YAWL (Yet Another Workflow Language) is a workflow language based on workflow patterns. The language is supported by a software system that includes an execution engine, a graphical editor and a worklist handler. The system is available as Open source software under the LGPL license.

Production-level uses of the YAWL system include a deployment by first:utility and first:telecom in the UK to automate front-end service processes, and by the Australian film television and radio school to coordinate film shooting processes. The YAWL system has also been used for teaching in more than 20 universities.[1]

Features[edit]

  • Comprehensive support for the workflow patterns.
  • Support for advanced resource allocation policies, including four-eyes principle and chained execution.
  • Support for dynamic adaptation of workflow models through the notion of worklets.
  • Sophisticated workflow model validation features (e.g. deadlock detection at design-time).
  • XML-based model for data definition and manipulation based on XML Schema, XPath and XQuery.
  • XML-based interfaces for monitoring and controlling workflow instances and for accessing execution logs.
  • XML-based plug-in interfaces for connecting third-party web services with the system, including third-party worklist/task handlers.
  • Automated form generation from XML schema.

History[edit]

The language and its supporting system were originally developed by researchers at Eindhoven University of Technology and Queensland University of Technology. Subsequently, several organizations such as InterContinental Hotels Group, first:telecom and ATOS Worldline[2] have contributed to the initiative.

The original drivers behind YAWL were to define a workflow language that would support all (or most) of the workflow patterns and that would have a formal semantics.

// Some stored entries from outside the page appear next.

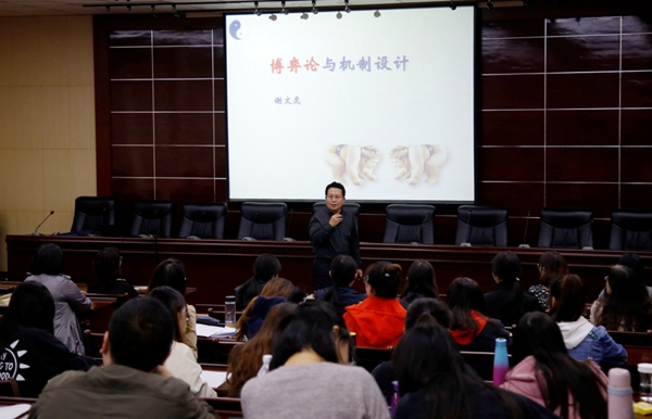 报告会由经济管理学院院长王君萍主持,全校100余名师生到场聆听了报告。谢文虎教授从“和尚分粥博弈”“矿难博弈”“猎人博弈”三个经典的博弈案例入手,向师生阐述了博弈论的基本概念,详细讲解了“纳什均衡”“帕累托效率”“帕累托最优”等经济学概念,并从“通俗易懂平话博弈论”“深入浅出解读博弈论”“致力实践运用博弈论”三个方面,全面介绍了博弈论与机制设计理论的内在逻辑关系。谢教授结合多年丰富的工作经验和渊博的知识,对“机制设计与管理实践”提出了独到的见解,语言平实风趣,案例生动丰富,受到了师生们的广泛好评。
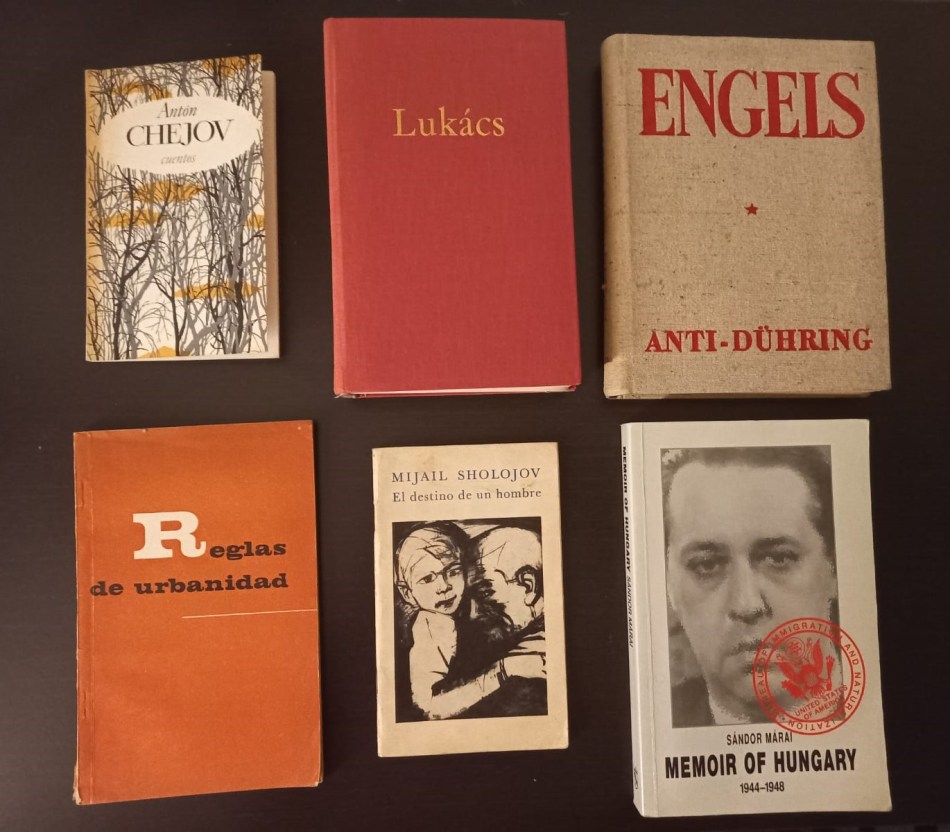 En un mismo tenor y formato, me compré también otro bello libro de cuentos de Chejov, editado igualmente por Editorial Progreso de Moscú el año que yo nací, 1974, además de llevarme también una rareza absoluta y bastante chocante ciertamente, creo yo, para quienes, como los húngaros, tuvieron que vivir los estragos del régimen comunista de aquellos tiempos, porque ocurre que mi tercera compra en español en esa entrañable librería atendida por una anciana generosa y amable que se esforzaba por buscarme cosas en español o inglés según le pedí al contarle de mi procedencia, fue ni más ni menos que un pequeño manual de Reglas de urbanidad soviético de 1963.
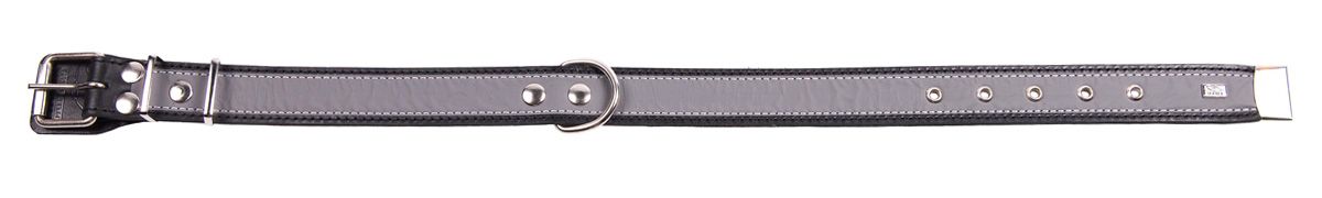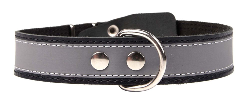 Однослойный ошейник из натуральной кожи со светоотражающей полосой, прошит декоративной строчкой, снабжен металлическим наконечником, отверстия укреплены металлической блочкой, полукольцо посередине.

Observing that Petri nets came close to supporting most of the workflow patterns, the designers of YAWL decided to take Petri nets as a starting point and to extend this formalism with three main constructs, namely or-join, cancellation sets, and multi-instance activities. These three concepts are aimed at supporting five of the workflow patterns that were not directly supported in Petri nets, namely synchronizing merge, discriminator, N-out-of-M join, multiple instance with no a priori runtime knowledge and cancel case.

In addition, YAWL adds some syntactical elements to Petri nets in order to intuitively capture other workflow patterns such as simple choice (xor-split), simple merge (xor-join), and multiple choice (or-split). During the design of the language, it turned out that some of the extensions that were added to Petri nets were difficult or even impossible to re-encode back into plain Petri nets. As a result, the original formal semantics of YAWL are defined as a Labelled transition system and not in terms of Petri nets. The fact that YAWL is based on formal semantics has enabled the implementation of several techniques for analyzing YAWL processes. In particular, the YAWL system includes a static analysis tool called WofYAWL.

YAWL vs. BPEL[edit]

YAWL is sometimes seen as an alternative to BPEL. A major advantage of BPEL is that it is driven by a standardization committee supported by several IT industry players. As a result, BPEL is supported by a significant number of tools (both proprietary and open-source) while YAWL has a single implementation at present. Also, several researchers have captured the formal semantics of subsets of BPEL in terms of various formalisms, including Petri nets, Process algebra and Finite state machine. This has paved the way for the development of static analysis tools for BPEL that can compete with the static analysis capabilities provided by the YAWL system.

On the other hand, it has been noted that standard BPEL fails to support human tasks, that is, tasks that are allocated to human actors and that require these actors to complete actions, possibly involving a physical performance. A number of BPEL engines already provide extensions to BPEL for human tasks, but these extensions are yet to be standardized. In contrast, YAWL provides a unified interface for worklist services based on Web services standards. This interface allows developers to build their own worklist service to support human tasks according to their needs. In addition, the YAWL system comes with a default worklist service that supports several types of human task allocation and handling. Another advantage of YAWL is its support for the Workflow Patterns, although the gap between YAWL and BPEL in this respect may be reduced by new constructs that are included in BPEL version 2.0.